What brand exhaust did you guys use? It sounds amazing on the car. I would love for mine to sound that beastly when I get my GTO 05 w/400hp


----------



## Whiteshadow (Sep 28, 2004)

OpticZ06 said:


> Our 410hp kit run in 6 speed trim 12.9
> Our 510 kit in 6 speed trim went 12.1
> Our 510 kit with 75 shot of nitrous went 11.4's
> all times in 95 degree heat hot laped no cool downs we try to give you the real world times not cool down times.



Yeah, I noticed on your webpage that you didn't have prices listed... Or maybe I'm blind (I've had that label before).
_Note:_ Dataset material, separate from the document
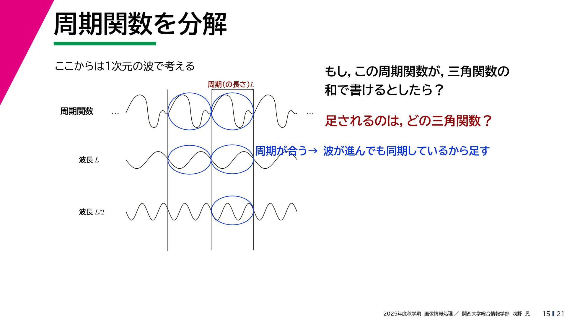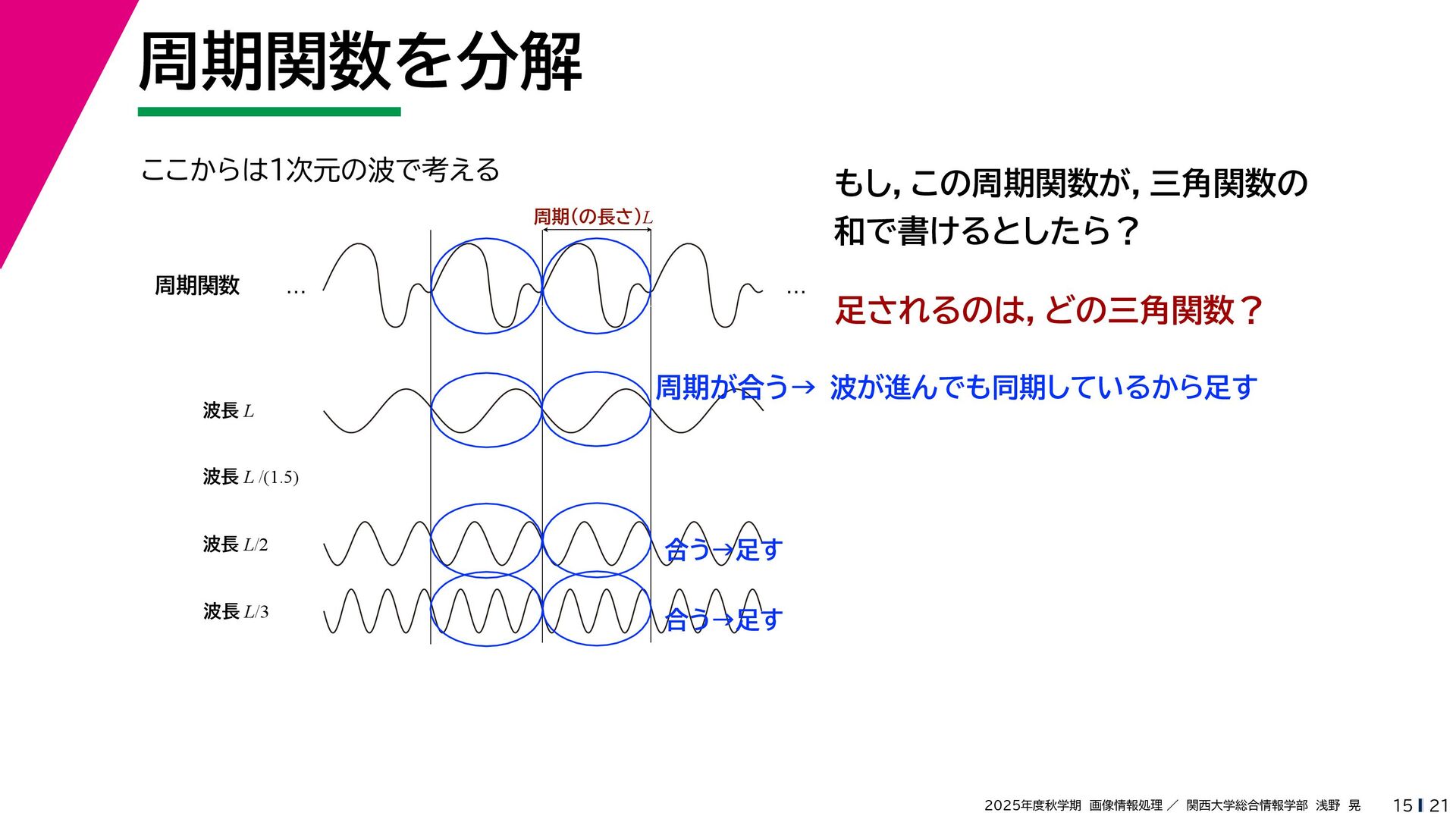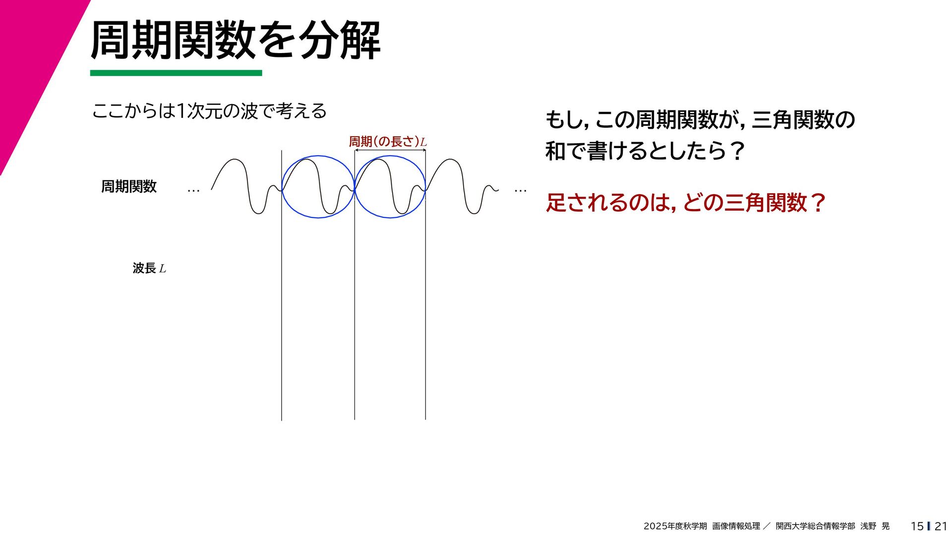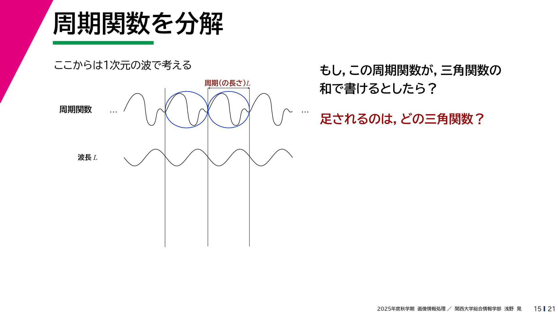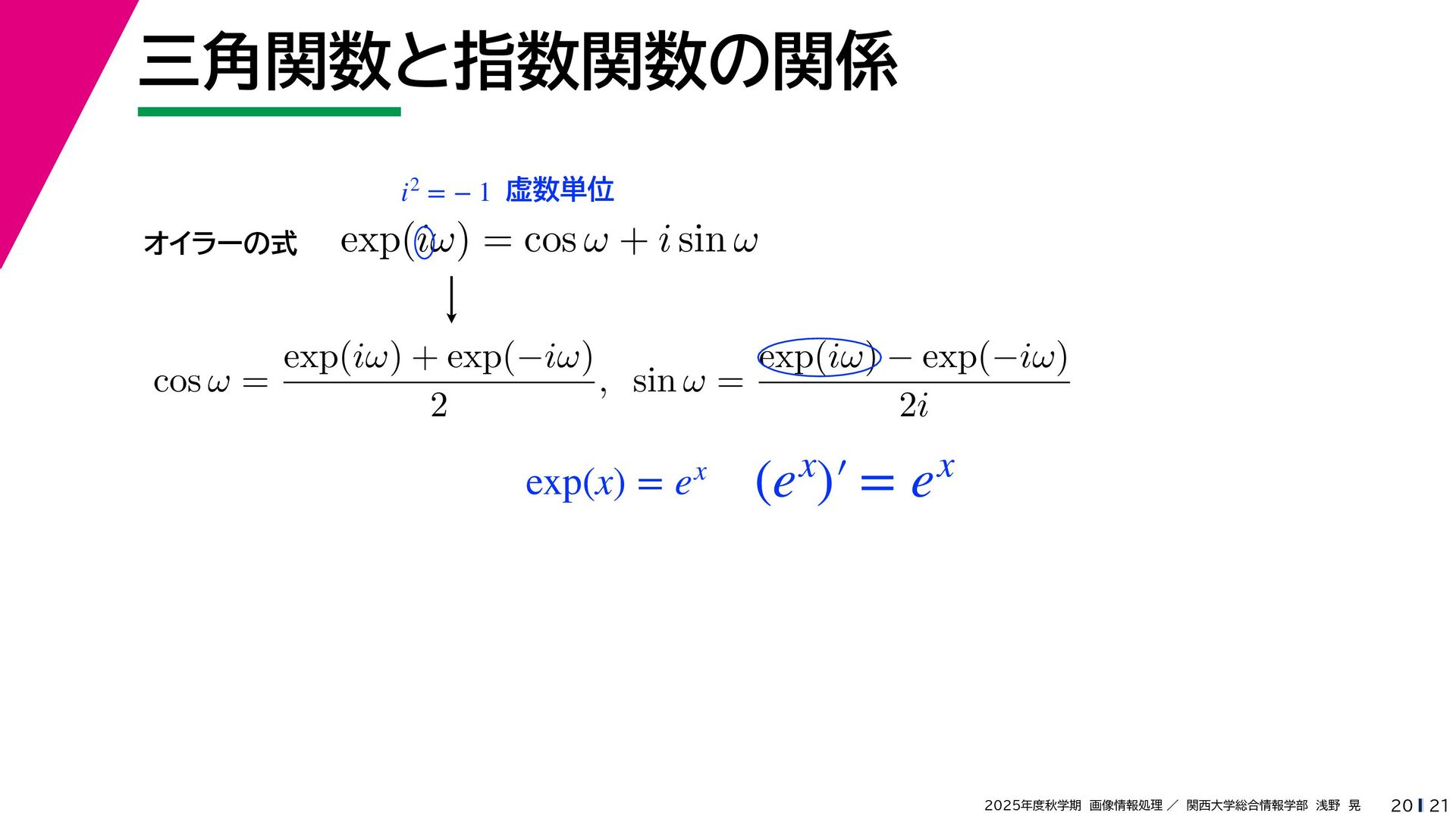 a0 + a1 cos(2π 1 L x) + a2 cos(2π 2 L x) + … + an cos(2π n L x) + … 波長 L 波長 L/2 波長 L/n cos x cos y = 1 2 {cos(x + y) + cos(x − y)} axay = ax+y かけ算=指数の足し算

I'd just like to see your prices for the different stages? 

Are you running on stock tires, or drag radials?


----------



## OpticZ06 (Jul 27, 2004)

Whiteshadow said:


> Yeah, I noticed on your webpage that you didn't have prices listed... Or maybe I'm blind (I've had that label before). I'd just like to see your prices for the different stages?
> 
> Are you running on stock tires, or drag radials?


That pass was made of stock size drag radials in the dead heat of the day. We ask that you fill out a contact form on the site to get pricing for the packages. :cheers 

Thank you
OpticZ


----------



## OpticZ06 (Jul 27, 2004)

OpticZ06 said:


> That pass was made of stock size drag radials in the dead heat of the day. We ask that you fill out a contact form on the site to get pricing for the packages. :cheers
> 
> Thank you
> OpticZ



Just a new video 
455 GTO 

Cheers


----------



## BigJim (Oct 30, 2004)

Sweet! is that spoiler availible? Cause it looks amazing compared to the stocker. :cool


----------



## badtmpdgoat (Nov 9, 2004)

did I also see a shaker hood?


----------



## codebluemd (Dec 27, 2004)

I'm also wondering what brand exhaust, headers, nitrous, and wheels MDMC uses, particulary in the 510 1/4 miles video. Any photos of that GTO with the stripe, around?

Grat looking and great sounding GTO.

:cheers


----------



## Reno'sGoat (Dec 10, 2004)

What an unbelievable car, I get goose bumps watching that clip. What a rush to be able to drive something that powerful.


----------



## OpticZ06 (Jul 27, 2004)

Reno'sGoat said:


> What an unbelievable car, I get goose bumps watching that clip. What a rush to be able to drive something that powerful.



Track fun

455 GTO vs Z06 video


----------